(Data for this exercise):
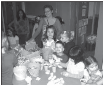
Volunteers and their children help prepare Easter baskets. More than 150 baskets were distributed last year.
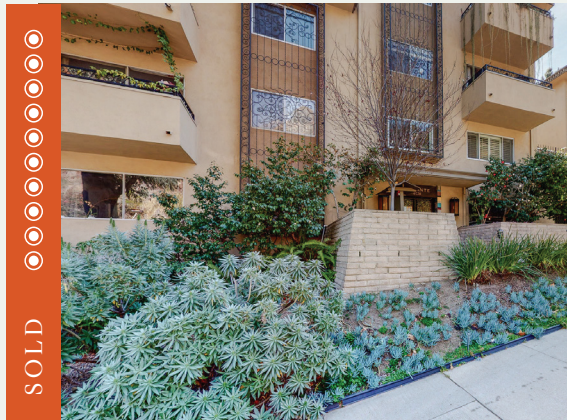
6728 HILLPARK | HOLLYWOOD HILLS Listed at $459,000 | Sold for $495,000 On the market for 129 days with previous broker
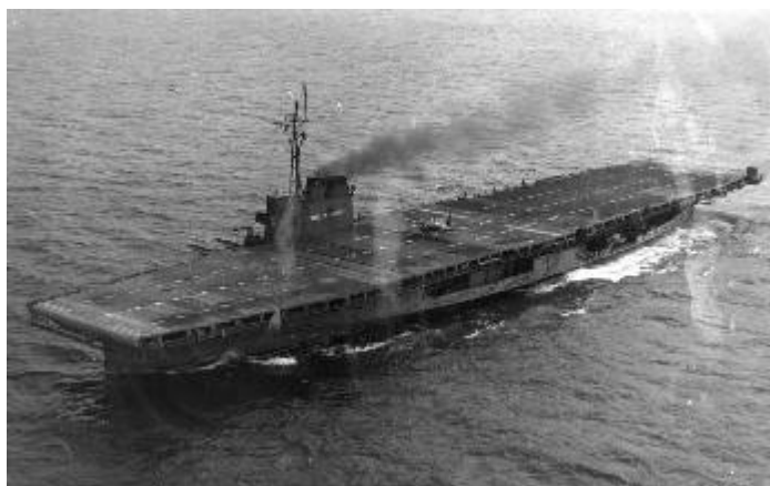
USS Sable in Lake Michigan
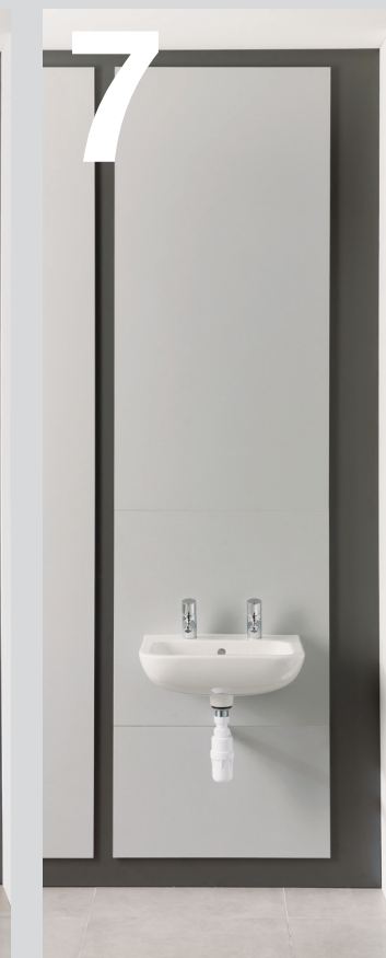
07 Simply attach the top and bottom panels to the units. Installation complete.
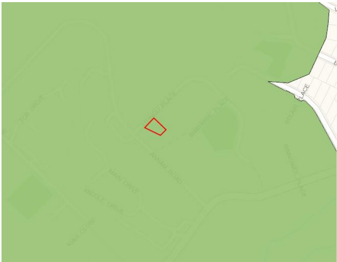
Biodiversity map under the Northern Beaches Council DCP mapping for the subject property
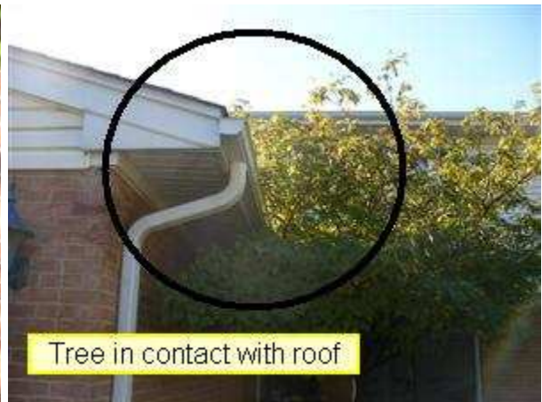
2.11 Picture 2
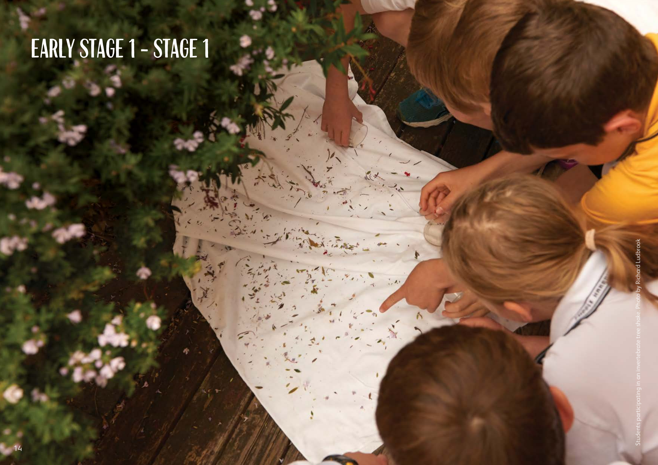
Students participating in an invertebrate tree shake.
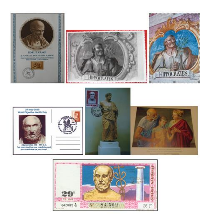
Figure 4. Collection of collection materials dedicated to Hippocrates

Figure 5 shows the largest, thematic, numismatic collection of screenshot copies of commemorative medals made of different metals (bronze, silver, gold and various alloys) and dedicated to the historical memory of Hippocrates, in total - 49 commemorative medals and 5 commemorative coins, from different countries of the world, topics and events, as well as
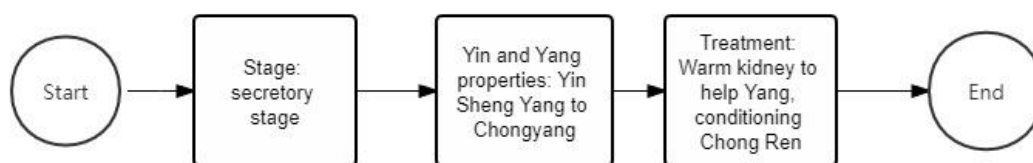
Figure 3. Secretion period
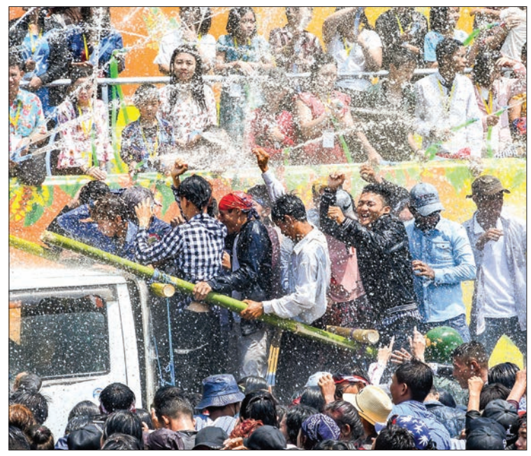
Revellers on a vehicle are sprayed with water during celebrations for the Thingyan festival in Nay Pyi Taw yesterday

AS THE year 1380 of the Myanmar Era crosses over to 1381, the second day of the traditional Thingyan Festival (called a-kyā nei) was celebrated all over the country yesterday.
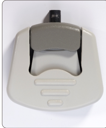
Wireless foot switch
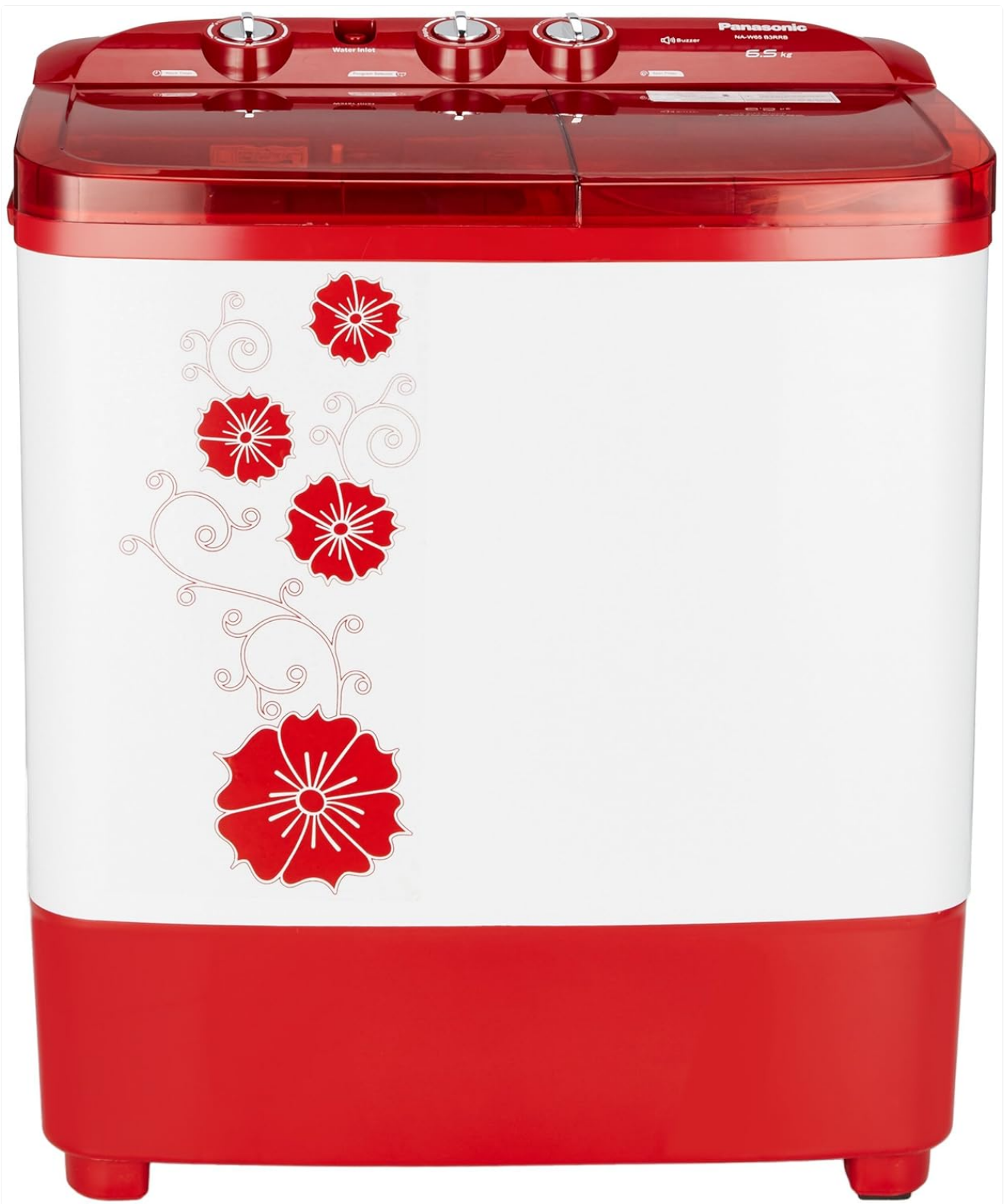
Image 1.1: Front view of the Panasonic NA-W65B3RRB washing machine, showcasing its red and white design with floral patterns and top-mounted control panel.

(How to complete this task): Every line above that includes the word "Thingyan" must appear in the answer.

(Task response):
Revellers on a vehicle are sprayed with water during celebrations for the Thingyan festival in Nay Pyi Taw yesterday
AS THE year 1380 of the Myanmar Era crosses over to 1381, the second day of the traditional Thingyan Festival (called a-kyā nei) was celebrated all over the country yesterday.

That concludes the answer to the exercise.